Personal information
- Born: April 18, 1922 Gloster, Mississippi, U.S.
- Died: June 27, 2009 (aged 87) Ruston, Louisiana, U.S.
- Listed height: 6 ft 3 in (1.91 m)
- Listed weight: 220 lb (100 kg)

Career information
- High school: Crosby (MS)
- College: North Carolina, Ole Miss
- NFL draft: 1944 (15th round, 147th overall pick)

Career history
- New York Yankees (1947); Baltimore Colts (1948); Detroit Lions (1949);

Career NFL statistics
- Games: 22
- Stats at Pro Football Reference

= Ollie Poole =

American football player (1922–2009)

Oliver Lamar Poole (April 18, 1922 - June 27, 2009) was an American professional football player who played at the end and defensive end positions.

==Biography==

Ollie Poole was born in 1922 in Gloster, Mississippi, and attended Crosby High School. He attended the University of Mississippi and played college football there. During World War II, he joined the U.S. Marine Corps and was assigned to the V-12 Training Program at the University of North Carolina. He played in 1943 for the North Carolina Tar Heels football team, winning All-Southern Conference honors. In 1944, he played for the Camp Lejeune Marines football team.

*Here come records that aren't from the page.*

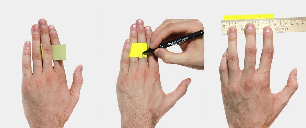 Наиболее легкий, однако надежный метод – надеть кольцо-образец на собственный палец и отметить ручкой в месте, где оно крепко садится. Затем в ювелирном возможно попросту примерять кольца при поиске аналогичных по габаритам.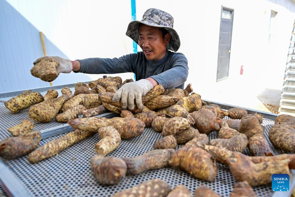 A staff member dries cistanche at a cistanche planting base in Qiemo County, the Mongolian Autonomous Prefecture of Bayingolin, northwest China's Xinjiang Uygur Autonomous Region on April 9, 2025.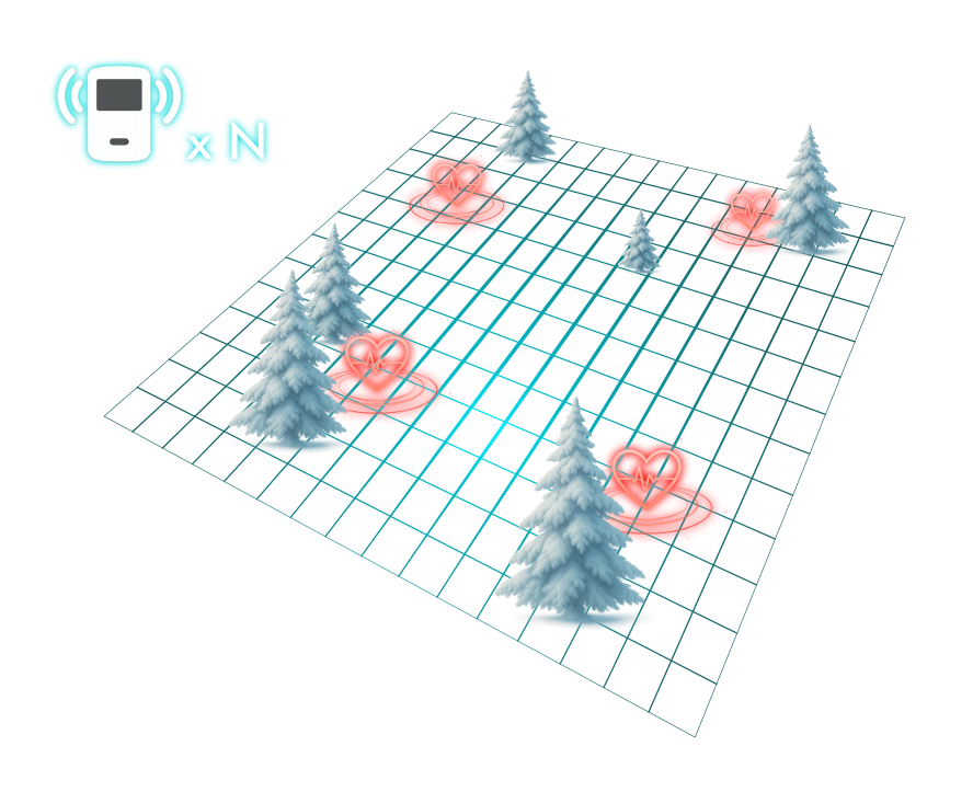 IVAQ Finder is capable of locating an avalanche beacon, also known as ARVA or DVA, in a 100m x 100m area in less than 3 minutes.

He was selected by the New York Giants in the 15th round (147th overall pick) of the 1944 NFL draft but did not play for the Giants. He played professional football in the All-America Football Conference (AAFC) for the New York Yankees in 1947 and the Baltimore Colts in 1948 and in the National Football League (NFL) for the Detroit Lions in 1949. He appeared in a total of 14 AAFC and eight NFL games.

After his playing career ended, Poole was a teacher and high school and junior college football coach in Mississippi and Louisiana. He died in 2008 in Ruston, Louisiana, at age 87.